The main advantage of trading using opposite China Petroleum and Hengli Industrial positions is that it hedges away some unsystematic risk. Because of two separate transactions, even if China Petroleum position performs unexpectedly, Hengli Industrial can make up some of the losses. Pair trading also minimizes risk from directional movements in the market. For example, if an entire industry or sector drops because of unexpected headlines, the short position in Hengli Industrial will offset losses from the drop in Hengli Industrial's long position.

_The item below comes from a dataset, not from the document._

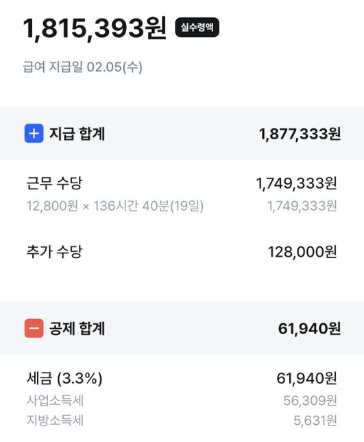 - 임금·급여고용·노동Q. 알바 퇴직금 기본급에 식대 포함 질문합니다퇴직금 계산을 하려고 고용노동부 홈페이지에 들어갔는데 일단 추가 수당을 보시면 풀타임할 때 나오는 식대입니다. 일하는 직원들 모두 풀타임 하면 받고 월급나올 때 포함해서 같이 받는데 이경우에 퇴직금 계산기에 어떻게 입력을 해야하는지 궁금합니다.

The idea behind China Petroleum Chemical and Hengli Industrial Development pairs trading is to make the combined position market-neutral, meaning the overall market's direction will not affect its win or loss (or potential downside or upside). This can be achieved by designing a pairs trade with two highly correlated stocks or equities that operate in a similar space or sector, making it possible to obtain profits through simple and relatively low-risk investment.
Check out your portfolio center.
Note that this page's information should be used as a complementary analysis to find the right mix of equity instruments to add to your existing portfolios or create a brand new portfolio. You can also try the Volatility Analysis module to get historical volatility and risk analysis based on latest market data.